Cinéma, télévision, théâtre… C’est tout le monde des arts qui perd un pan important de son histoire avec la disparition, dimanche, de l’actrice Monique Mercure. Âgée de 89 ans, elle est décédée paisiblement la nuit dernière à la Maison St-Raphael à Outremont, où elle recevait des soins palliatifs pour un cancer de la gorge, a confirmé sa fille Michèle Mercure à La Presse. « J’ai passé la nuit à ses côtés, il y a avait des fleurs et de la musique classique qui jouait dans sa chambre... c’était très beau », dit sa fille qui a accompagné sa mère vers son repos depuis plusieurs semaines. « Ma mère avait vraiment la vocation et s’est donnée entièrement pour son métier. »

Stéphanie Morin Stéphanie Morin
La Presse

Luc Boulanger Luc Boulanger
La Presse

Née Monique Émond le 14 novembre 1930 à Montréal, Monique Mercure a marqué l’ensemble du monde culturel québécois par son visage singulier et sa présence magnétique.

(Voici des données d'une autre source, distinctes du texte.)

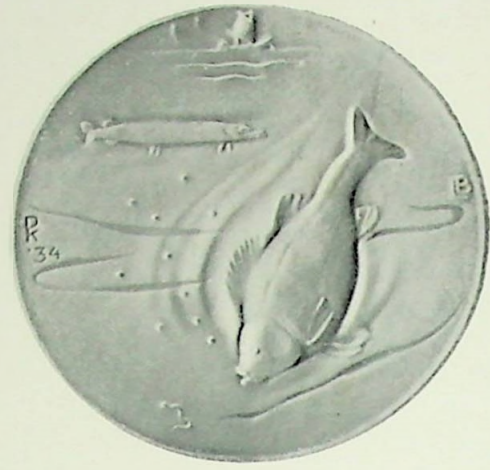
1e Penning Vereenigingsjaar 1934.

Égérie de plusieurs dramaturges et réalisateurs — dont Claude Jutra, Jean Beaudin et Fernand Dansereau —, elle a connu une longue et prolifique carrière qui s’est étalée sur plus de 60 ans.

Passionnée de musique, elle obtient un baccalauréat en musique (violoncelle) au Collège Vincent-d’Indy à la fin des années 40. En 1949, elle épouse le compositeur Pierre Mercure, avec qui elle aura trois enfants. Le couple divorce en 1958.

En 1956, elle entreprend des études en art dramatique à l’école Jacques-Lecoq, à Paris. La graine est semée ; malgré son intérêt marqué pour la musique, elle consacrera sa vie professionnelle à endosser les rôles les plus variés, tant sur les planches qu’à l’écran. Sa première présence au théâtre survient au Théâtre du Nouveau Monde (TNM) en 1959, alors qu’elle est de la distribution de la pièce Les Choéphores d’Eschyle sous la direction de Jean-Pierre Ronfard.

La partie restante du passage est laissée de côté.